Data segment: Begin

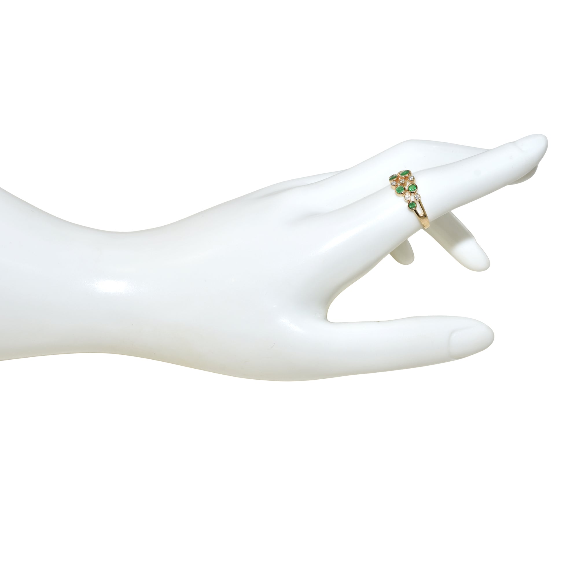 Elevate your elegance with this 14k gold ring featuring a mesmerizing arrangement of emerald and diamond circles. The rich green emeralds contrast beautifully with sparkling diamonds, creating a captivating design that highlights your unique style. Perfect for special occasions or everyday sophistication, this ring adds a touch of timeless luxury to any look.
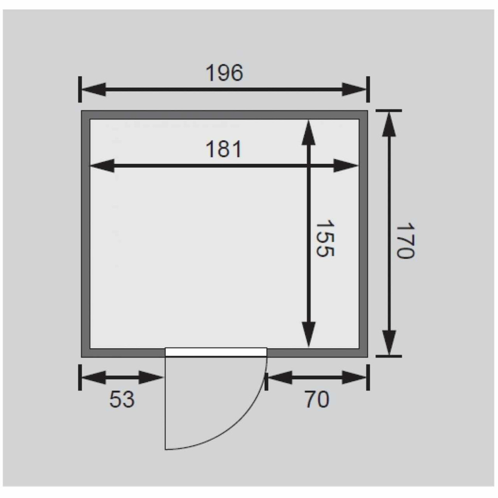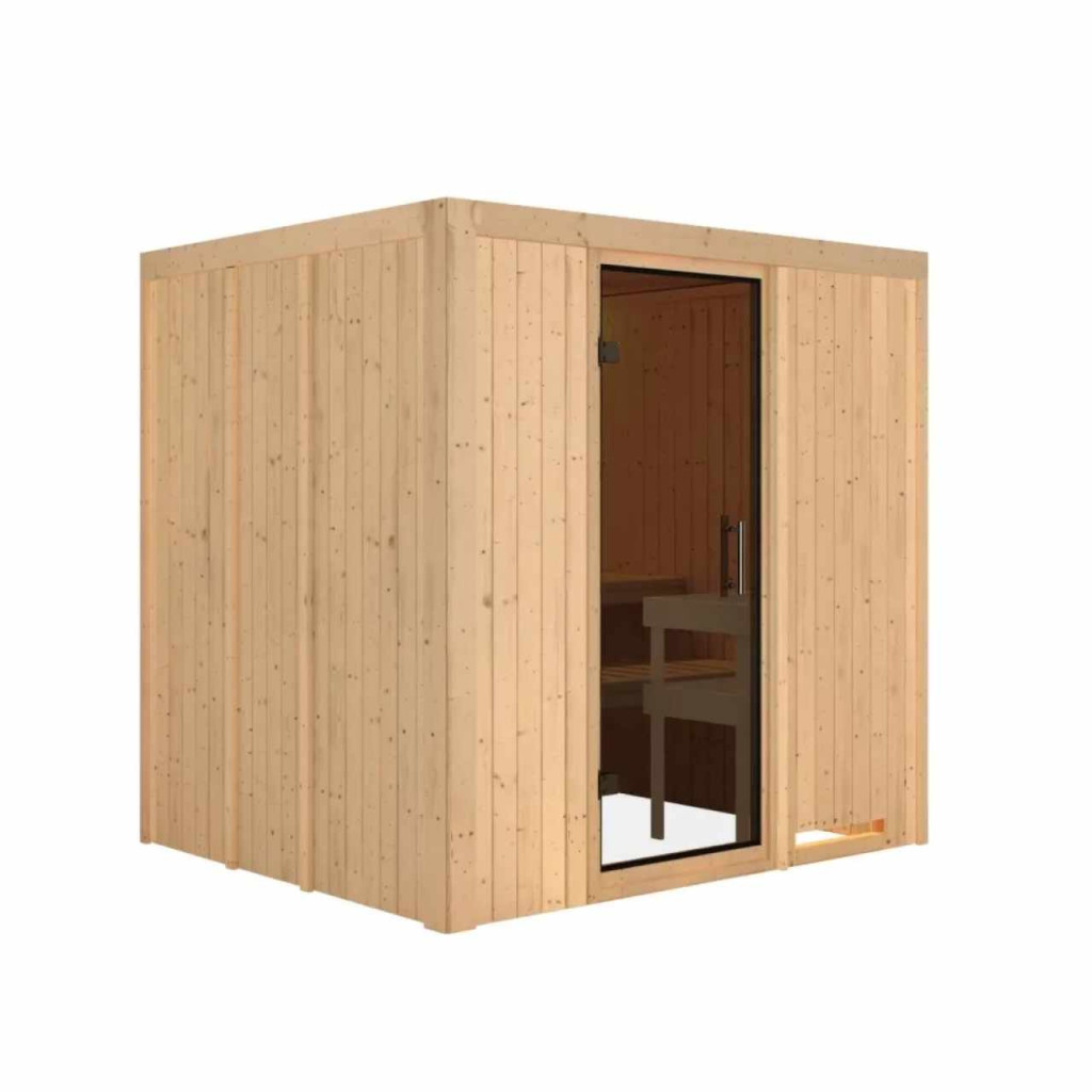 Ez a fajta finn szauna legfeljebb két fő részére lett tervezve. Ezt a finn szaunamodellt egy ház vagy lakás temperált belső teréhez tervezték. Méretek sz 196 x mé 170 x ma 198 cm. Gyártójának, a németországi Brémából származó KARIBU HOLZTECHNIK cégnek sikerült termékeivel sikeresen tovább vinnie a skandináv szaunák évszázados hagyományait, ugyanakkor a mai modern technológiákat is beépítette. A szauna teljes egészében északi lucfenyőből készült, természetes kivitelben. A fa Európa északi részéből származik, és teljesen vegyszeresen kezeletlen (sem nem festett, sem nem lakkozott). Ennek eredményeként mentes minden olyan ismert problémás anyagtól, amely a szaunázás során a fából felszabadulhat. Ez a beltéri szauna kivételes hőszigetelő tulajdonságokkal rendelkezik. A szauna falai speciálisan simított, hornyolt deszkák belső és külső rétegéből állnak, amelyek között 42 mm vastag hőszigetelés található ásványgyapot formájában. A fal teljes vastagsága így 68 mm. A hátsó, vagy a szoba fala felé néző, nem látható oldal keménylemez külsővel rendelkezik. Ezért azonos hőszigetelés mellett körülbelül 10 mm-rel vékonyabbak, mint a táblákkal borított nézeti oldalak.
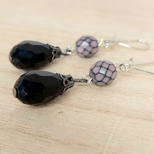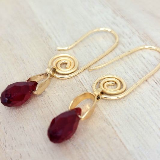 Amethyst Gemstone & Vintage brass heart charm earrings. Handmade. One-of-a-kind.
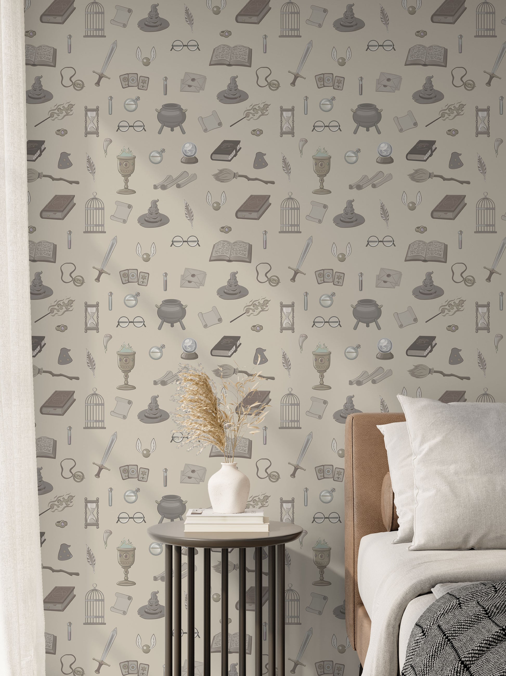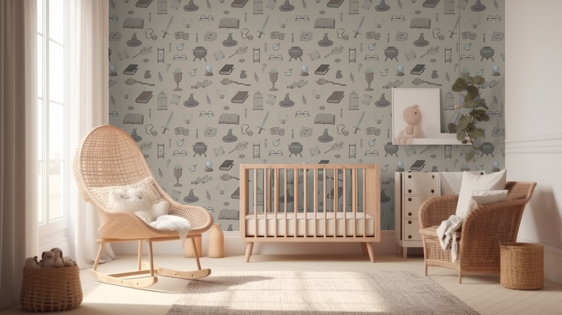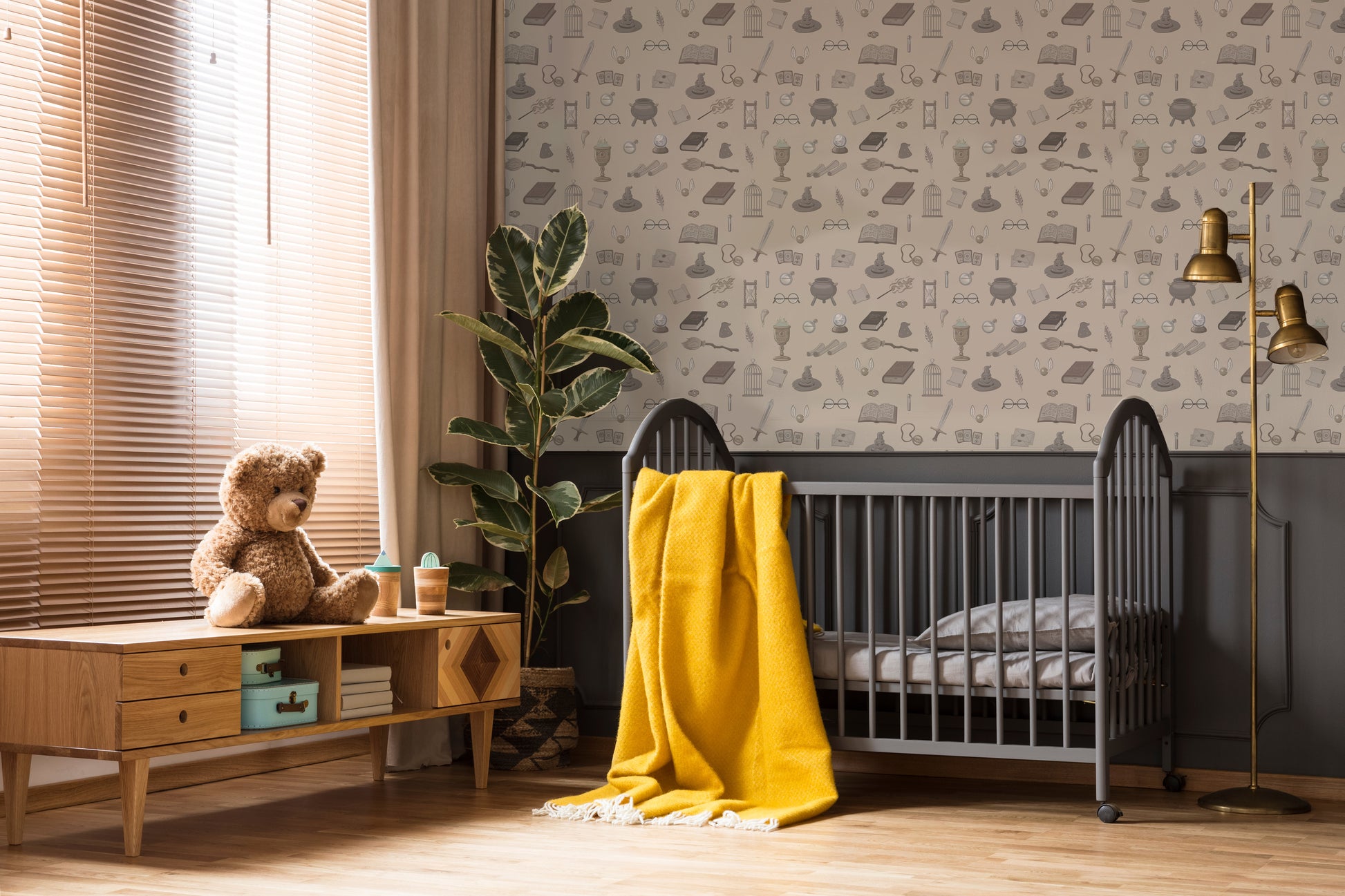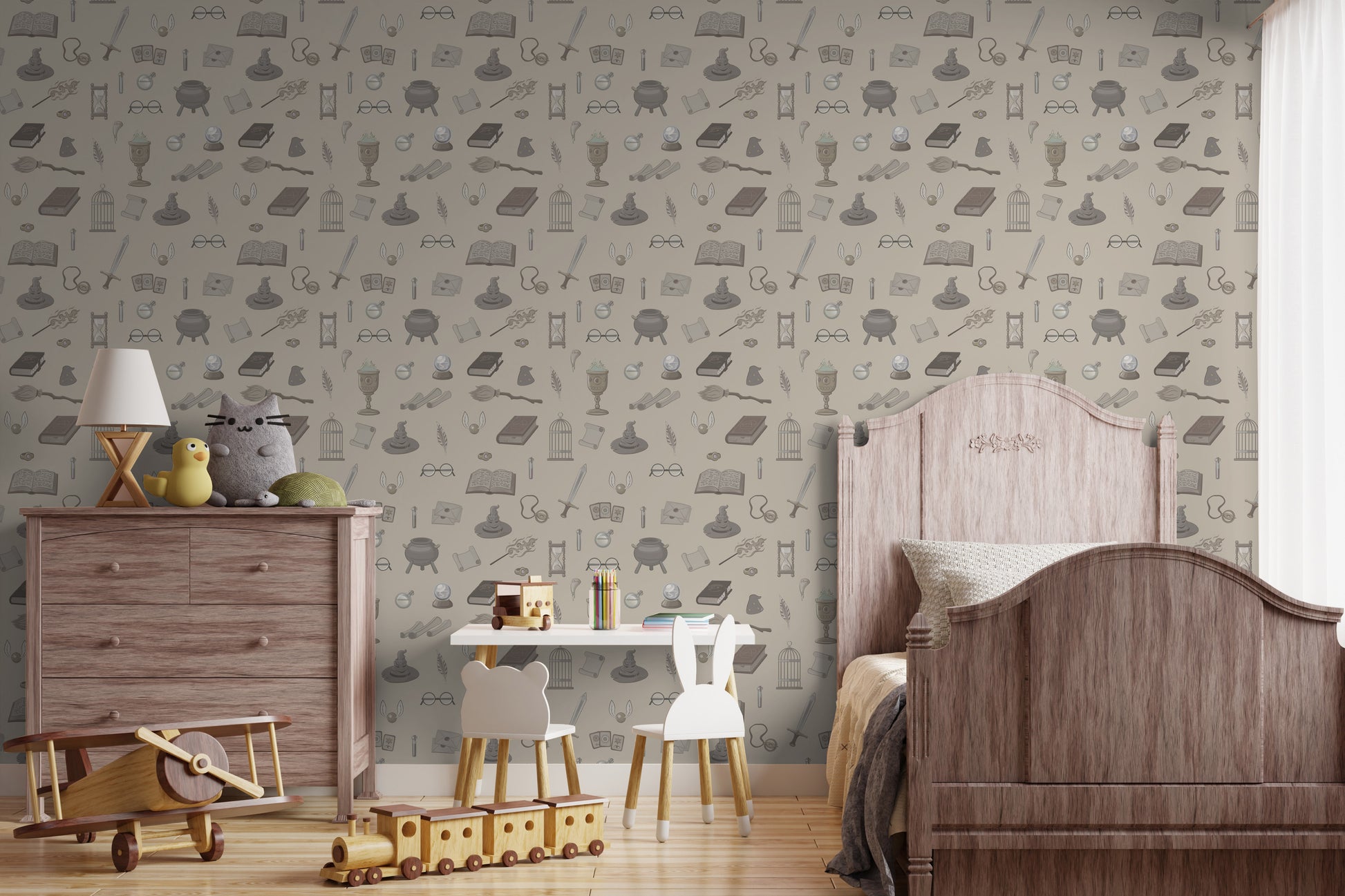 Our neutral wizard wallpaper is inspired from H Potter series and will have your little wizard dreaming of the day they get their letter to Hogwarts.

Data segment: End

__What to produce__
The lines from the one holding "Ez a fajta finn" through the end of the material above are to be echoed exactly, both ends included. Do not include pictures.

__Task solution__
 Ez a fajta finn szauna legfeljebb két fő részére lett tervezve. Ezt a finn szaunamodellt egy ház vagy lakás temperált belső teréhez tervezték. Méretek sz 196 x mé 170 x ma 198 cm. Gyártójának, a németországi Brémából származó KARIBU HOLZTECHNIK cégnek sikerült termékeivel sikeresen tovább vinnie a skandináv szaunák évszázados hagyományait, ugyanakkor a mai modern technológiákat is beépítette. A szauna teljes egészében északi lucfenyőből készült, természetes kivitelben. A fa Európa északi részéből származik, és teljesen vegyszeresen kezeletlen (sem nem festett, sem nem lakkozott). Ennek eredményeként mentes minden olyan ismert problémás anyagtól, amely a szaunázás során a fából felszabadulhat. Ez a beltéri szauna kivételes hőszigetelő tulajdonságokkal rendelkezik. A szauna falai speciálisan simított, hornyolt deszkák belső és külső rétegéből állnak, amelyek között 42 mm vastag hőszigetelés található ásványgyapot formájában. A fal teljes vastagsága így 68 mm. A hátsó, vagy a szoba fala felé néző, nem látható oldal keménylemez külsővel rendelkezik. Ezért azonos hőszigetelés mellett körülbelül 10 mm-rel vékonyabbak, mint a táblákkal borított nézeti oldalak.
 Amethyst Gemstone & Vintage brass heart charm earrings. Handmade. One-of-a-kind.
 Our neutral wizard wallpaper is inspired from H Potter series and will have your little wizard dreaming of the day they get their letter to Hogwarts.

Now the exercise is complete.